1. ## Factoring Quartic equation

I really don't understand how they factorise this:

y^4+y^2+1

Can anyone lend me a hand?

2. Originally Posted by nabbiechan
I really don't understand how they solve this:

y^4+y^2+1

Can anyone lend me a hand?
Can you solve $y^2=z$. Then, this becomes $z^2+z+1=0$. Can you solve this?

3. Oh sorry, I put solve instead of factorise. I apologize! >_<

4. Originally Posted by nabbiechan
Oh sorry, I put solve instead of factorise. I apologize! >_<
Factor over the reals? Solve $z^2+z+1=0$ and then use this to solve $y^4+y^2+1=0$ and then use this to factor it into linear factors.

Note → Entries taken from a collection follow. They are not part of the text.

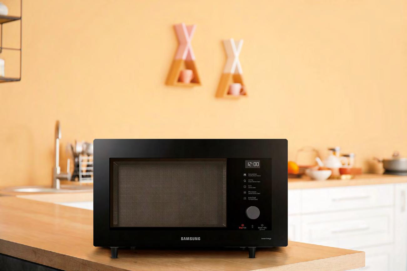 Il forno a microonde Samsung Bespoke MC32DG7646KKE1 è ultra performante. Capacità di 32 litri, Power Defrost per scongelare rapidamente e in modo uniforme qualsiasi alimento, cottura a vapore, Grill XXL, programmi automatici, sistema Wi-Fi e app SmartThings, per comandarlo persino da remoto.
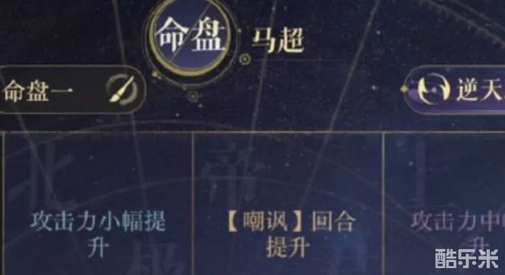 可以看得出马超的命盘有往增伤方面走,也有向生存方面走的,考虑到马超本身的定位,他的伤害系数是够的,本身输出不低了。更多是采用“西凉坚壁”+“出手法”的组合,这两个命盘要有。铁骑当千有负面效果不建议,以攻为守按个人需求。
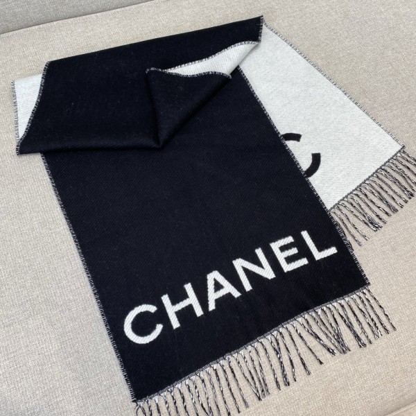 샤넬 25k 흑백 더블C숄 머플러 흑백 배색이 너무 클래식해요 가염과 달콤한 양옆에 각각 샤이니한 로고타입으로 세련된 수술테잎의 이중적인 운치가 돋보이는 절제된 아름다움 소재: 코튼 울 55% + 캐시미어 45% size: 168.4 x 44.6cm
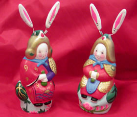 北京民俗專家王作楫先生認(rèn)為,兔兒爺更能代表北京城的形象。因為每個城市都有自己的“城市性格”,而兔兒爺在人們心里一直都是北京城的保護(hù)神。兔兒爺一般出現(xiàn)在八月十五,有團(tuán)團(tuán)圓圓的意思,這也離奧運會開始的時間相差不多,可以反映全世界運動健兒的大團(tuán)圓。
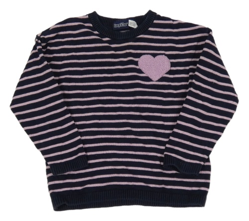 Tmavomodro-růžový pruhovaný svetr se srdíčkem Lupilu
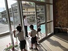 今日の掃除の時間は「玄武タイム」でした。この時間を使い、全校児童・生徒で校内の窓ガラスの掃除をしました。上野小学校と上野中学校は、小学生と中学生が同じ校舎で勉強しています。普段から、小学1年生から中学3年生までの「縦割り」で清掃しています。今日の窓ガラスふきも、中学生や小学5・6年生の背の高い児童・生徒が高いところにある窓の掃除をしていました。
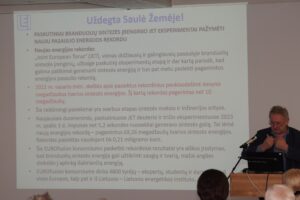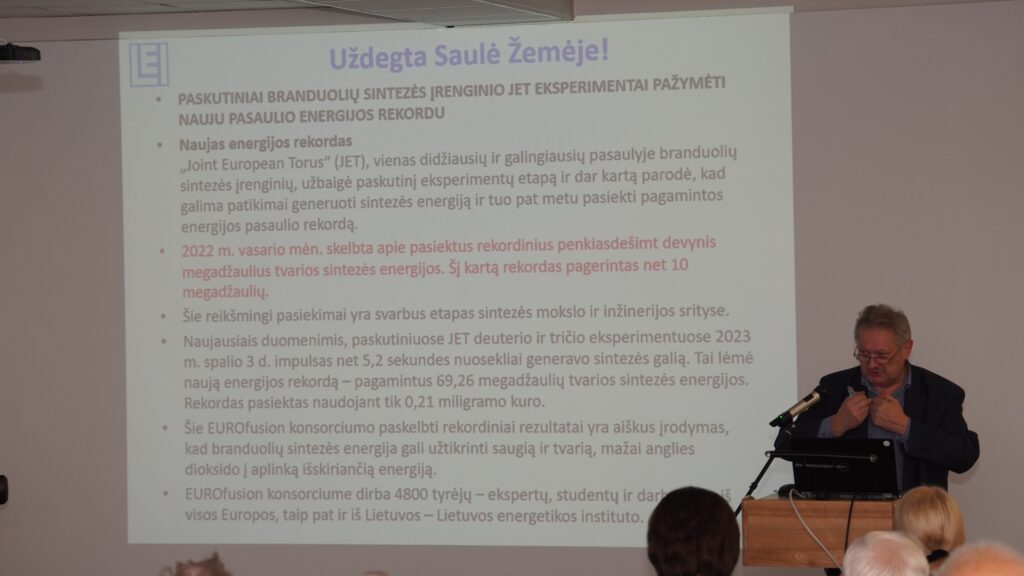 Pranešimo pabaigoje R. Levinskas papasakojo apie LEI Branduolinių įrenginių saugos laboratorijos įgytą patirtį užtikrinant Ignalinos atominės elektrinės saugią eksploataciją ir jos pritaikymą dalyvaujant EUROfusion programoje, siekiančioje panaudoti branduolių sintezės energiją elektros gamybai.
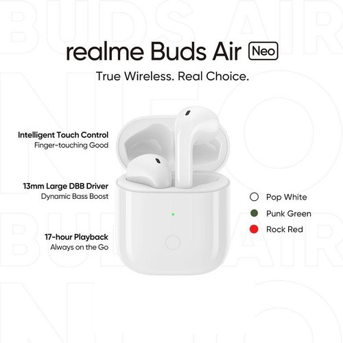 5. Căşti True Wireless Realme Buds Air Neo, Waterproof IPX4, Bluetooth 5.0 (Alb)
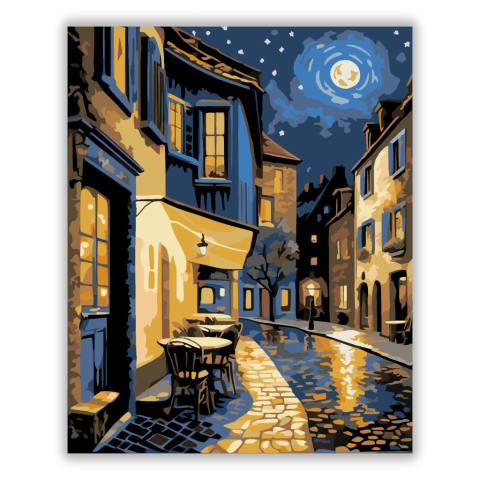 Éjjeli Utcák Varázsa - számfestő készlet – 40×50 cm (Keret nélkül) A festmény egy hangulatos, éjszakai utcai jelenetet ábrázol, Van Gogh inspirálta művészi stílusban. Az élénk kék és arany színek dinamikus ecsetvonásokkal keverednek, különleges atmoszférá

5. Originally Posted by Drexel28
$z^2+z+1=0$ and then use this to solve $y^4+y^2+1=0$
This is the part I'm really confused about.

6. Originally Posted by nabbiechan
This is the part I'm really confused about.
Which part?

7. $y^4 + y^2 + 1$.

Make the substitution $x = y^2$ so that the expression becomes

$x^2 + x + 1$

$= x^2 + x + \left(\frac{1}{2}\right)^2 - \left(\frac{1}{2}\right)^2 + 1$

$= \left(x + \frac{1}{2}\right)^2 + \frac{3}{4}$.

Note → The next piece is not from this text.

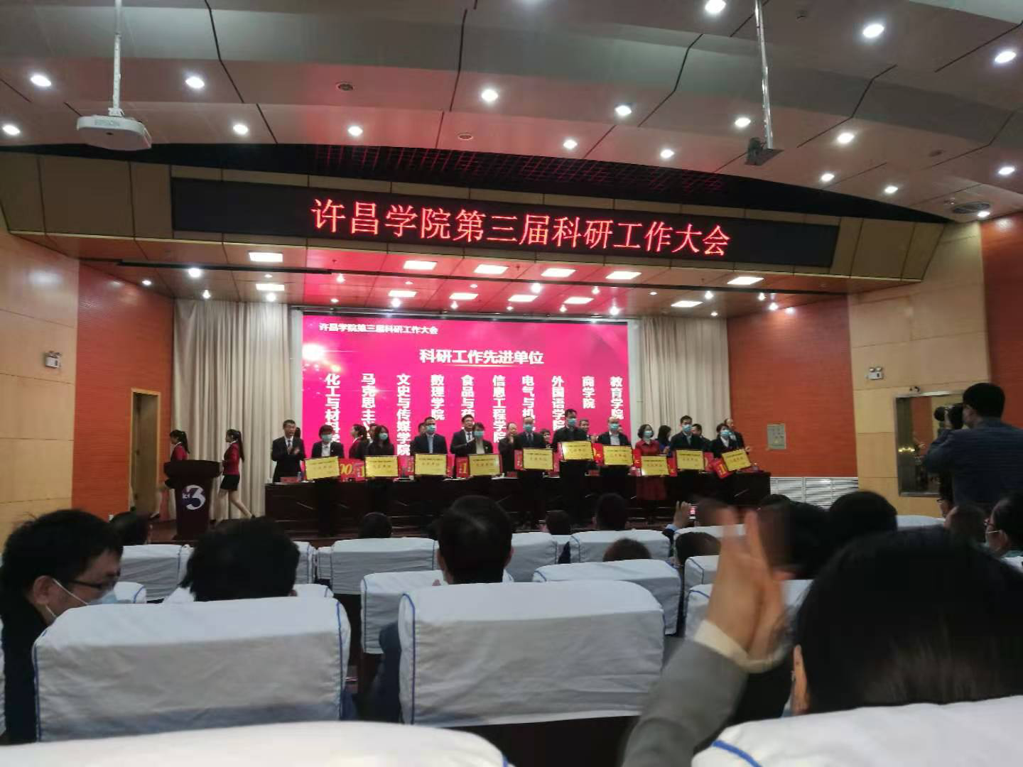 2020年11月6日,我校第三届科研工作大会在图书馆二楼学术报告厅召开。在大会上,我校党委副书记孙海宣读了《关于表彰科研工作先进单位、先进个人和科研管理工作先进个人的决定》,我院被评为许昌学院科研工作先进单位,我院姜荣刚和洪卫中两位老师被评为许昌学院科研工作先进个人。

This is not factorisable over the Reals.

8. Originally Posted by Drexel28
Which part?
where you're going to use z^2+z+1 to solve the equation.

@prove it:

I only was able to solve it through the calculator and it's factorisable, but I wanted to know the method. The answer was [LaTeX ERROR: Convert failed] . A friend told me to use another equation similar to it which made it more confusing.

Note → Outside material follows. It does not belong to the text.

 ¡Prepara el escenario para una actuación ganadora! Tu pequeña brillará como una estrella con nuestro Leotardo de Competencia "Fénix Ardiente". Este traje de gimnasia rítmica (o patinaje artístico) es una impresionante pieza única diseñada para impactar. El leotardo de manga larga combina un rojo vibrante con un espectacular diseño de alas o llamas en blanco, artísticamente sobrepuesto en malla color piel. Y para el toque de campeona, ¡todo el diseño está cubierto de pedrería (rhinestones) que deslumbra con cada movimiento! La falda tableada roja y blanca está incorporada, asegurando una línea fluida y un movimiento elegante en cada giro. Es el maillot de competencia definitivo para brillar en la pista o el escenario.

9. Originally Posted by nabbiechan
I really don't understand how they factorise this:

y^4+y^2+1

Can anyone lend me a hand?
hi

$y^4+y^2+1$

$=y^4+(2y^2-y^2)+1$

$=(y^4+2y^2+1)-y^2$

$=(y^2+1)^2-y^2$

$=(y^2+1-y)(y^2+1+y)$

using the fact that $a^2-b^2=(a+b)(a-b)$

ok ?

hi

$y^4+y^2+1$

$=y^4+(2y^2-y^2)+1$

$=(y^4+2y^2+1)-y^2$

$=(y^2+1)-y^2$

$=(y^2+1-y)(y^2+1+y)$

using the fact that $a^2-b^2=(a+b)(a-b)$

ok ?

ooh. okay, thanks for everyone's help!